## Exercise
With the pictures removed, please write out every line below exactly as given.

## Material provided
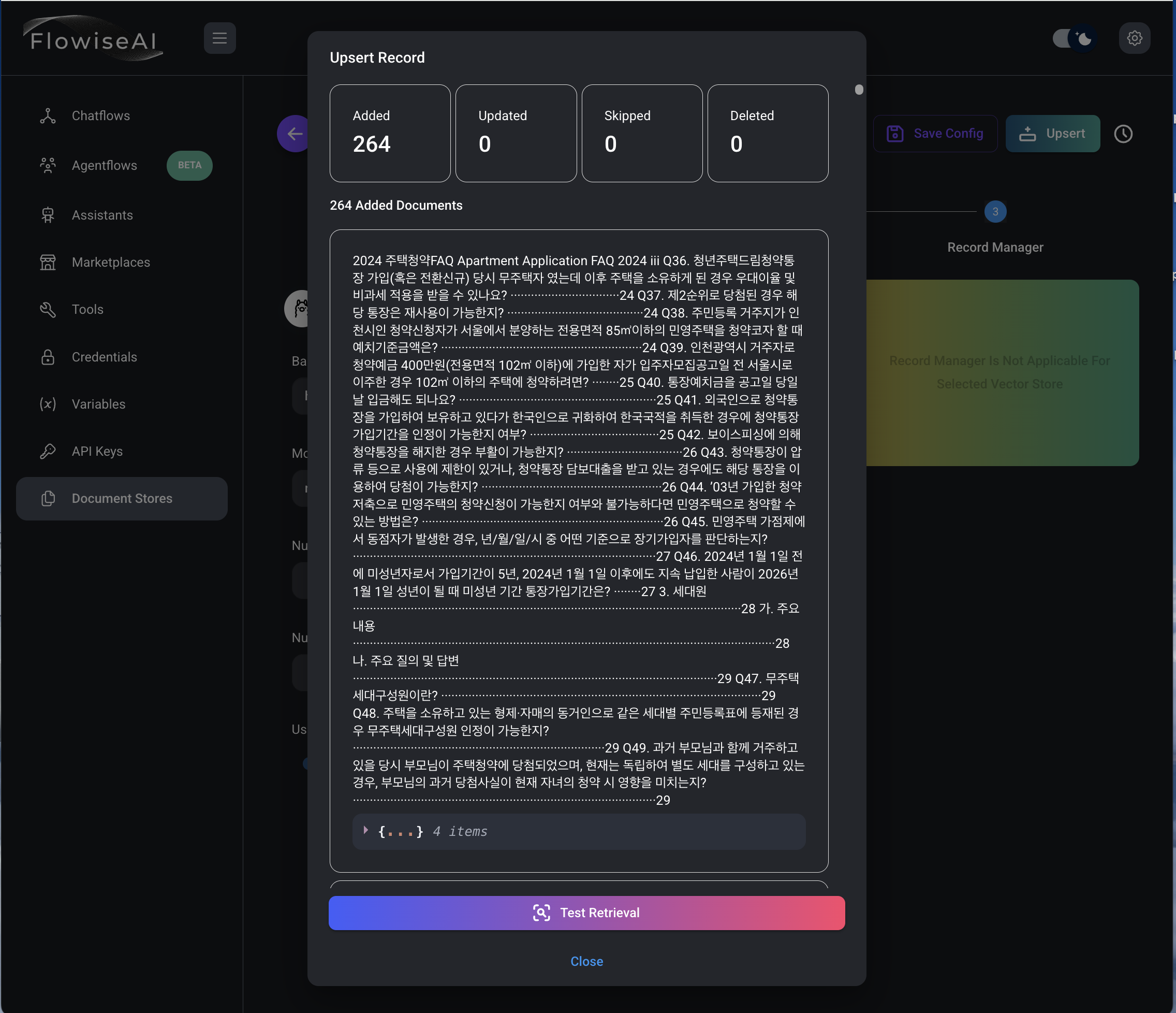 8) Options 클릭, Upsert Chunks 클릭
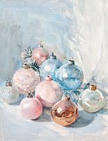 Kerstdecoratie | Glinsterende Feestdagen - Dit kerst schilderij toont een verzameling glinsterende en kleurrijke kerstballen in tinten van blauw en roze, kunstzinnig gerangschikt tegen een zacht, impressionistisch geschilderde achtergrond die de illusie van sneeuw oproept.
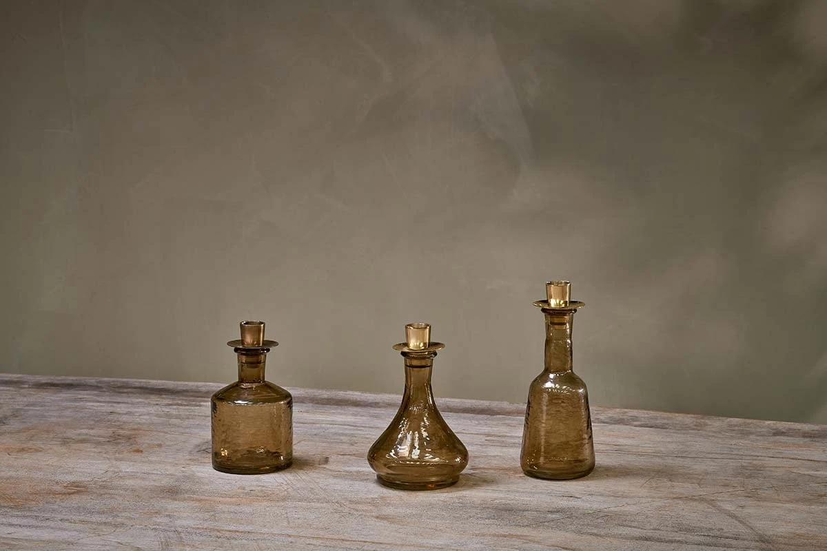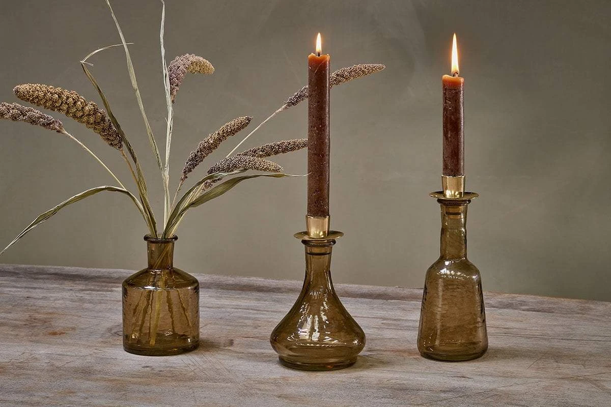 This elegant glass candlestick has a sophisticated sepia colour tone. The simple tapered shape is topped with a removable ‘antique’ brass candle holder that fits a standard dining table candle. The flexibility of removing the holder means that it can also be used as a pretty stem vase. We recommend mixing and matching a few sizes and shapes in the Sirsa collection for an attractive display.

## Exercise solution
 8) Options 클릭, Upsert Chunks 클릭
 Kerstdecoratie | Glinsterende Feestdagen - Dit kerst schilderij toont een verzameling glinsterende en kleurrijke kerstballen in tinten van blauw en roze, kunstzinnig gerangschikt tegen een zacht, impressionistisch geschilderde achtergrond die de illusie van sneeuw oproept.
 This elegant glass candlestick has a sophisticated sepia colour tone. The simple tapered shape is topped with a removable ‘antique’ brass candle holder that fits a standard dining table candle. The flexibility of removing the holder means that it can also be used as a pretty stem vase. We recommend mixing and matching a few sizes and shapes in the Sirsa collection for an attractive display.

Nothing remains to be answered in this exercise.